Piove su le tamerici
salmastre ed arse,
piove su i pini
scagliosi ed irti,
piove su i mirti
divini,
su le ginestre fulgenti
di fiori accolti,
su i ginepri folti
di coccole aulenti,
piove su i nostri volti
silvani,
piove su le nostre mani
ignude,
su i nostri vestimenti
leggieri,
su i freschi pensieri
che l'anima schiude
novella,
su la favola bella
che ieri
t'illuse, che oggi m'illude,
o Ermione.
Odi? La pioggia cade
su la solitaria
verdura
con un crepitío che dura
e varia nell'aria
secondo le fronde
più rade, men rade.
Ascolta. Risponde
al pianto il canto
delle cicale
che il pianto australe
non impaura,
nè il ciel cinerino.
E il pino
ha un suono, e il mirto
altro suono, e il ginepro
altro ancóra, stromenti
diversi
sotto innumerevoli dita.
E immersi
noi siam nello spirto
silvestre,
d'arborea vita viventi;
e il tuo volto ebro
è molle di pioggia
come una foglia,
e le tue chiome
auliscono come
le chiare ginestre,
o creatura terrestre
che hai nome
Ermione.
Ascolta, ascolta. L'accordo
delle aeree cicale
a poco a poco
più sordo
si fa sotto il pianto
che cresce;
ma un canto vi si mesce
più roco
che di laggiù sale,
dall'umida ombra remota.
Più sordo e più fioco
s'allenta, si spegne.
Sola una nota
ancor trema, si spegne,
risorge, trema, si spegne.
Non s'ode voce del mare.
Or s'ode su tutta la fronda
crosciare
l'argentea pioggia
che monda,
il croscio che varia
secondo la fronda
più folta, men folta.
Ascolta.
La figlia dell'aria
è muta; ma la figlia
del limo lontana,
la rana,
canta nell'ombra più fonda,
chi sa dove, chi sa dove!
E piove su le tue ciglia,
Ermione.
Piove su le tue ciglia nere
sìche par tu pianga
ma di piacere; non bianca
ma quasi fatta virente,
par da scorza tu esca.
E tutta la vita è in noi fresca
aulente,
il cuor nel petto è come pesca
intatta,
tra le pàlpebre gli occhi
son come polle tra l'erbe,
i denti negli alvèoli
con come mandorle acerbe.
E andiam di fratta in fratta,
or congiunti or disciolti
(e il verde vigor rude
ci allaccia i mallèoli
c'intrica i ginocchi)
chi sa dove, chi sa dove!
E piove su i nostri vólti
silvani,
piove su le nostre mani
ignude,
su i nostri vestimenti
leggieri,
su i freschi pensieri
che l'anima schiude
novella,
su la favola bella
che ieri
m'illuse, che oggi t'illude,
o Ermione.
"La pioggia nel pineto" Gabriele D'Annunzio (Alcyone)

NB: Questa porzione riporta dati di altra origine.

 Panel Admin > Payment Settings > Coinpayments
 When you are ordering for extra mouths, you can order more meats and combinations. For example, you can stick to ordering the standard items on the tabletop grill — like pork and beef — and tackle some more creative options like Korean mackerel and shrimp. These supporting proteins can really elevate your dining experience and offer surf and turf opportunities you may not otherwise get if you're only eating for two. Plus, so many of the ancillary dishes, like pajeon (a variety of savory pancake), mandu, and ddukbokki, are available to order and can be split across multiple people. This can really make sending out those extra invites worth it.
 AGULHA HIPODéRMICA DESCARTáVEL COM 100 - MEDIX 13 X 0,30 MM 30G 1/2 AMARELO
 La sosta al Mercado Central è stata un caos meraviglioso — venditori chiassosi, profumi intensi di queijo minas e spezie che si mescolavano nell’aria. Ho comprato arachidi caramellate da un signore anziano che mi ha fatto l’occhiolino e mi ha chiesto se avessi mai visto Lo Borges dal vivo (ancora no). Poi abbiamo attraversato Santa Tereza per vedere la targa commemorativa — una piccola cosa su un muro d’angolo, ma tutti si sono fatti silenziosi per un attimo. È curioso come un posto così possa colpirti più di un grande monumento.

Finalmente un po' d' autunno. Finalmente piove!
Ogni scusa è buona per una bella torta al cioccolato...
Ingredienti:
250 g di cioccolato fondente
120 g di burro
120 g di zucchero a velo più un po'
4 uova
25 g di farina
25 g di fecola
1 bicchierino di liquore ( a piacere: strega, rum, sassolino...)
nocciole (o altra frutta secca) q.b.
Procedimento:
Sciogliete il cioccolato ed i burro a a bagnomaria.

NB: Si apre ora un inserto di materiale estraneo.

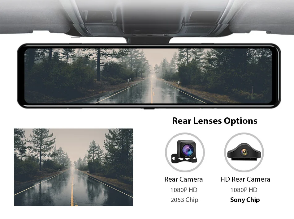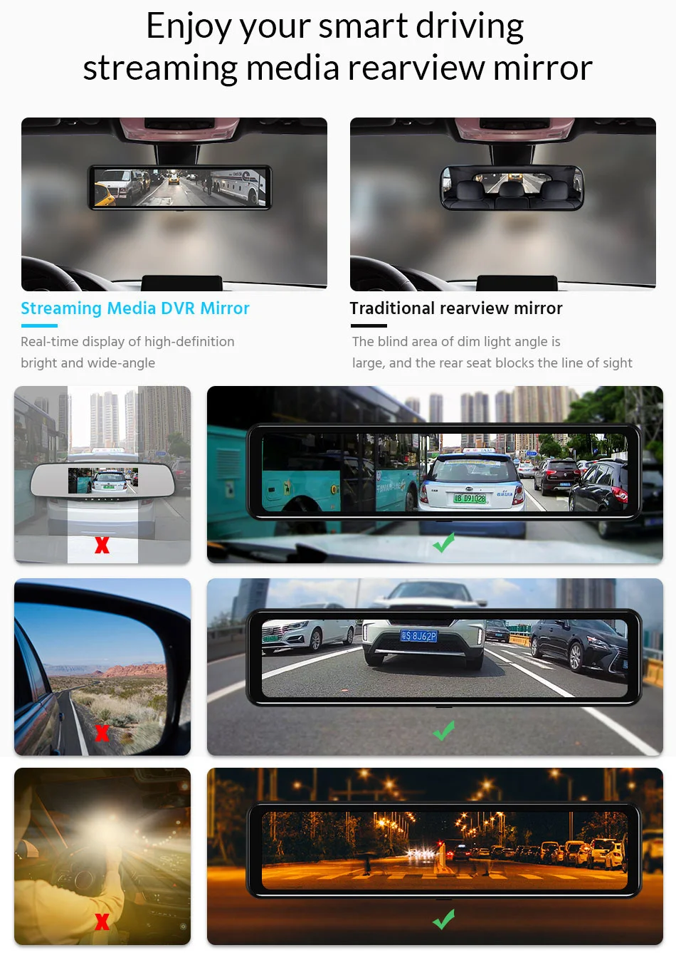 Он оснащен этой технологией потоковой передачи данных, делает угол заднего вида вождения более широким, это тройной широкий угол обзора, а затем традиционное зеркало. Видеорегистратор использует HD, чтобы предоставить вам безупречные изображения в дождь, туман, снег, или даже при слабом освещении.

Montate i tuorli con 60 g di zucchero a velo, con l'altra metà di zucchero montate a neve gli albumi. Una volta freddo, incorporate il cioccolato fuso ai rossi, poi aggiungete la farina e la fecola (setacciate) ed infine amalgamate gli albumi.
Mettete in una teglia e cospargere la superficie con la granella di nocciole.
Cuocete in forno a 170° per circa 25 minuti.
Tolta dal forno non vi sembrerà cotta, ma la particolarità di questa torta è il suo cuore cremoso, racchiuso da una fragile crosticina meringata. Il mio consiglio è di lasciarla raffreddare bene prima di servirla.
Spolverizzate, a piacere, con zucchero a velo.
il vino: un passito di Pantelleria
Curiosità: già nota a Ferrara, all’inizio del 1900, con il nome di “Torta Regina del Montenegro” o “Montenegrina”, l’aristocratico nome le venne imposto in onore di Elena Petrovich del Montenegro, la sposa dolce e dal cuore tenero di Vittorio Emanuele III, allora Re d’Italia.I buongustai ferraresi, con una espressione colorita ed efficace del dialetto, presero a chiamarla “Torta Tacolenta” per esaltarne l’interno un poco appiccicoso che si scioglieva in bocca. In seguito il nome fu ingentilito in Torta Tenerina.